# Integration Pattern: MDM Hub-and-Spoke with Operational Writeback and Analytical Replication
## Pattern Name
**MDM Hub-and-Spoke with Operational Writeback and Analytical Replication** _Also known as: Consolidation-Coexistence MDM Pattern, Golden Record Publish Pattern_
---
## Intent
Ingest entity records from multiple operational source systems into a central MDM hub, produce a reconciled golden record through match/merge and survivorship, then publish that master record back to operational consumers via an integration broker and simultaneously replicate it to an analytical data warehouse — establishing a single authoritative source of truth for key business entities across the enterprise.
---
## Motivation
In enterprises with multiple operational systems (Billing, CRM, ERP, etc.), the same real-world entity — a customer, organization, or product — exists as independent, often inconsistent records in each system. No single system owns the complete, trusted picture.

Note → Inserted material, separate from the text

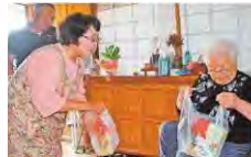
農村RMOによる買い物支援

農村RMOの形成推進、収益力向上や生活支援等に関する取組、デジタル技術の導入・定着、棚田地域等における関係人口の創出を支援します。

This pattern centralizes identity resolution and data quality in a dedicated MDM platform, then propagates the authoritative record outward so that every consumer — operational or analytical — works from the same master.
---
## Applicability
Use this pattern when:
- The same entity (customer, organization, product) exists in multiple source systems with overlapping but inconsistent representations
- Downstream operational systems need to consume a trusted, deduplicated master record
- Analytics requires a reliable master entity layer for cross-system joins and reporting
- The organization has distinct integration needs for operational writeback (low-latency, API-driven) vs. analytical replication (batch, bulk)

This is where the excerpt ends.